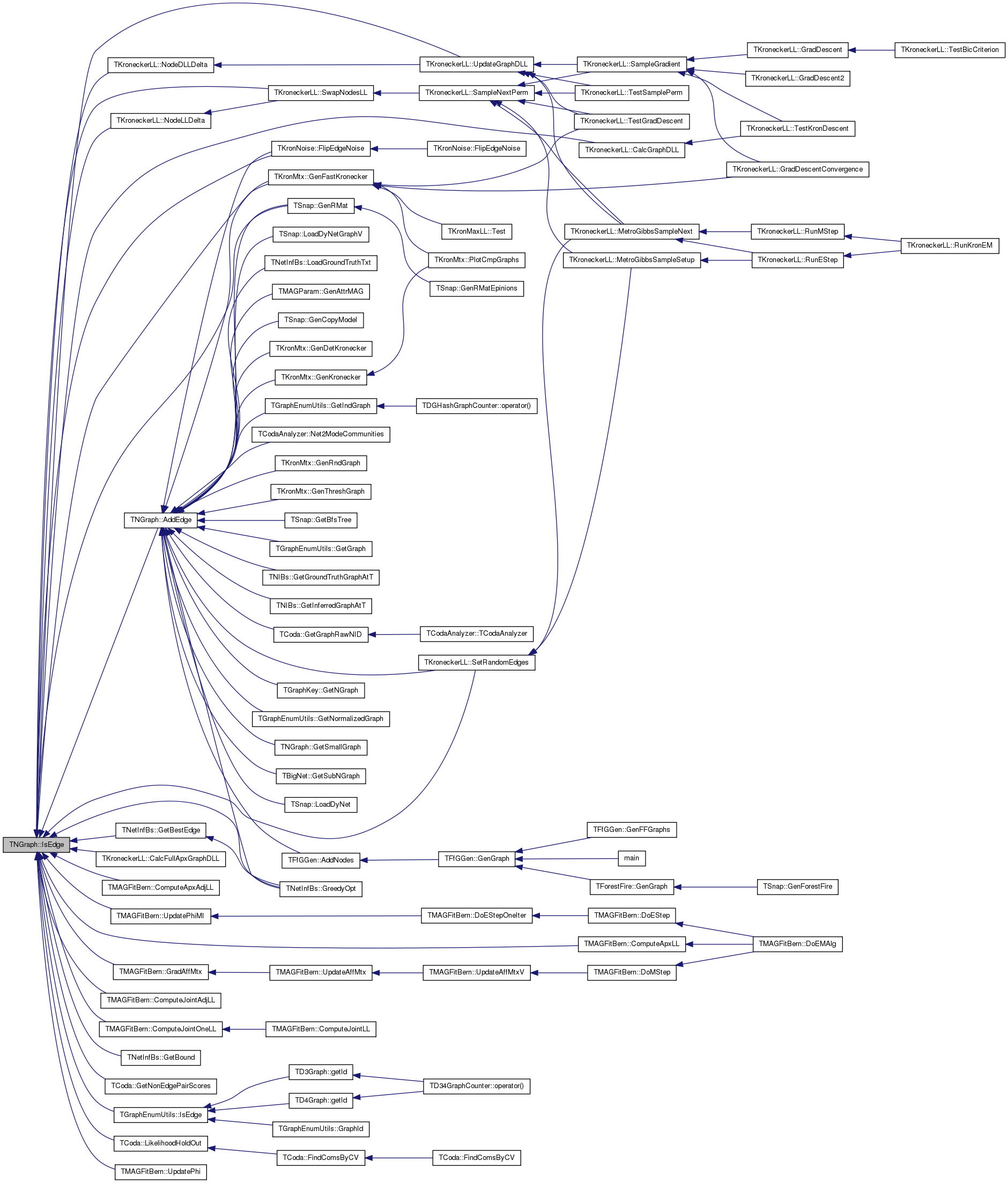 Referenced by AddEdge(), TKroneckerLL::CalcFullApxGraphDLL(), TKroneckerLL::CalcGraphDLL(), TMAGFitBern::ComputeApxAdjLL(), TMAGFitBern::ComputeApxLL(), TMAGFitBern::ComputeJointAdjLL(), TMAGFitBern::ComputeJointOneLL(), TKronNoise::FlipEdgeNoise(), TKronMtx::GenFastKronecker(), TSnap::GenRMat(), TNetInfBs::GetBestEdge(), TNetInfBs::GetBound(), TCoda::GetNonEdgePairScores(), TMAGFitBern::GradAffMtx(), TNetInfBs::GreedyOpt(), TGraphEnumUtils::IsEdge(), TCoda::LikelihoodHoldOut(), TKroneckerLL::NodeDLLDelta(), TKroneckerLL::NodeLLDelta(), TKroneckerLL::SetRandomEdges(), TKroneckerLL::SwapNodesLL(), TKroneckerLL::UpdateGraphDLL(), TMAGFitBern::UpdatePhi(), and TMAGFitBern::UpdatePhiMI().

....................

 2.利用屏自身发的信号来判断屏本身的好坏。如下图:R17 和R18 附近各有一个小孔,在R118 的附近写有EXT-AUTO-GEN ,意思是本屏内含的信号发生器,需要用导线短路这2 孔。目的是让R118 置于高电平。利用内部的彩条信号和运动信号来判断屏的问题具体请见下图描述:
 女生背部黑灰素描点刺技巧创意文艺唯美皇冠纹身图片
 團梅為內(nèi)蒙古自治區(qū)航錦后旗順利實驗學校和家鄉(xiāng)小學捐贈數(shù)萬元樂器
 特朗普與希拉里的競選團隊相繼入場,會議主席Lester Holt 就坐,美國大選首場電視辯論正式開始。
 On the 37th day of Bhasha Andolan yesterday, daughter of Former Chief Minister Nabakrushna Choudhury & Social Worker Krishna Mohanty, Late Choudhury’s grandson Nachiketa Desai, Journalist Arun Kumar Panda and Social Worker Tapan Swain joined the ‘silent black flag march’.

....................

▶ [EXERCISE]: The expected output is exactly the lines of the listing above between the line holding "團梅為內(nèi)蒙古自治區" and the line holding "On the 37th", inclusive.

▶ [TASK SOLUTION]:
 團梅為內(nèi)蒙古自治區(qū)航錦后旗順利實驗學校和家鄉(xiāng)小學捐贈數(shù)萬元樂器
 特朗普與希拉里的競選團隊相繼入場,會議主席Lester Holt 就坐,美國大選首場電視辯論正式開始。
 On the 37th day of Bhasha Andolan yesterday, daughter of Former Chief Minister Nabakrushna Choudhury & Social Worker Krishna Mohanty, Late Choudhury’s grandson Nachiketa Desai, Journalist Arun Kumar Panda and Social Worker Tapan Swain joined the ‘silent black flag march’.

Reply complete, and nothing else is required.